There are many ways to create the structure of a building. There is rammed earth – dig a pit insight and use the dirt to create walls. There are tents. There is wood framed – which can be balloon framed, or stick framed. There are SIPs (foam panels with plywood sheeting). There is post and beams (wood or metal posts). There is poured concrete walls (Some insulated, some you take the form away). There are brick walls, or cement blocks. There is all glass. I’m sure there are more that I’m not aware of, and that is just for the structure, we haven’t looked at hundreds of other factors (HVAC, insulation, lighting, windows – which all affect each other; flooring)
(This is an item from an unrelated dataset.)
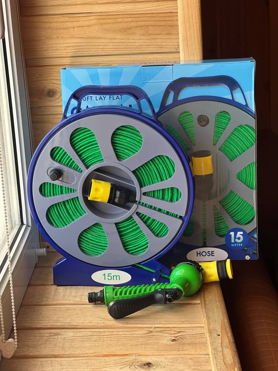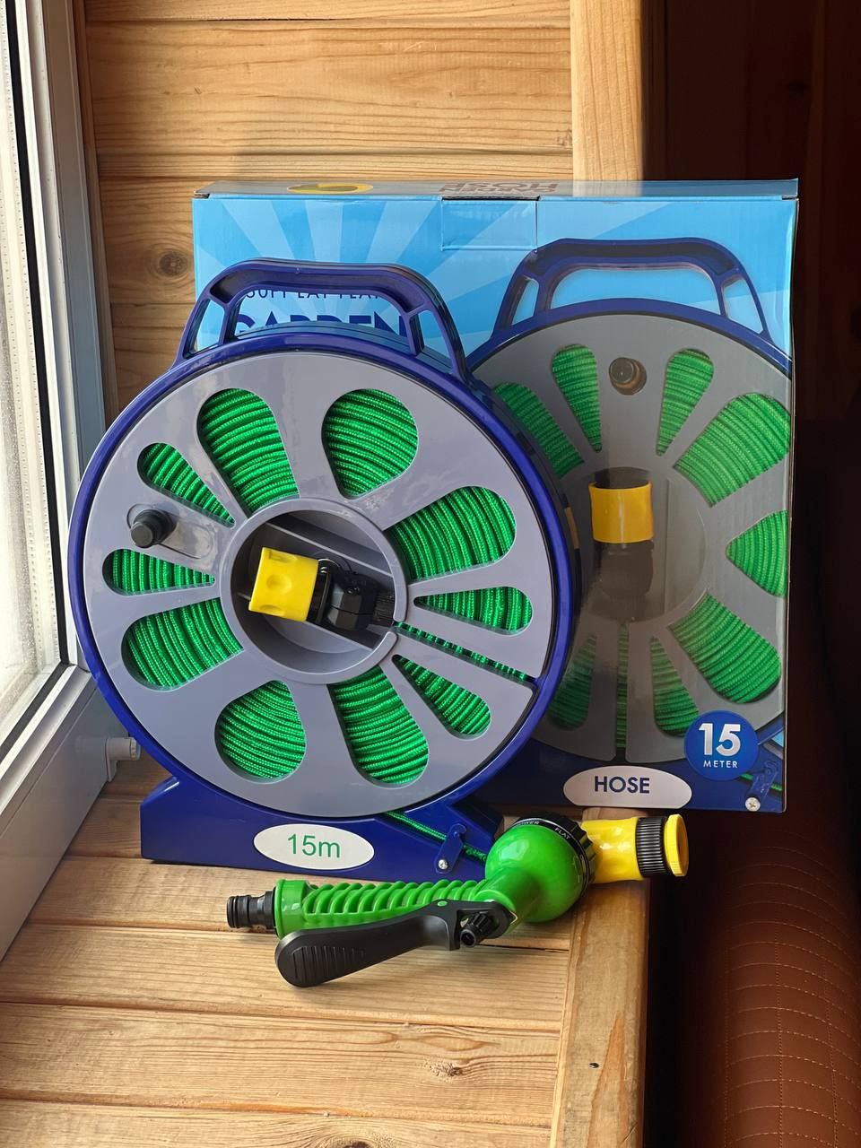 Садовий шланг Garden Hose 15 м із розпилювачем та котушкою — ідеальне рішення для поливу саду, миття авто, тераси або прибудинкової території. Універсальний комплект дозволяє легко та ефективно виконувати будь-які роботи з водою.

Each choice above has pros and cons. Some are cheap, some are expensive. Some have higher maintenance costs than others. Some are easier to expand than others when the future has new needs to cover. Some last longer than others. Some promise to be cheaper in the long run but somebody needs to take a chance today to develop the technology. Some are a fire risk – more likely to burn, or maybe less likely to burn but more toxic if they do.
I know of schools that were built to last 100 years, but the district knocked them down after only 30 years because they didn’t fit the needs anymore. I know of buildings built to last 20 years that are still in use after 50 at great expense because the owners can’t afford to shut down that location while replacing it. I know of boring buildings replaced while still structurally sound and useful just because everybody wanted something more trendy. I know of beautiful buildings that have had expensive work to save it when it would be cheaper to knock it down and start over – and the new building would fit current needs in ways the current one cannot without a remodel that would destroy the beauty.
When getting a bid you need to balance all of the above. Remember, you need the building done, as the one paying for it you shouldn’t care what the structure is made up, you just need it strong enough. So when you get a bid it should be for a building. However when you get a big for two different building that will work at different costs you need to decide what to go with. Sometimes the low bid is best, sometimes it is “penny wise and pound foolish”.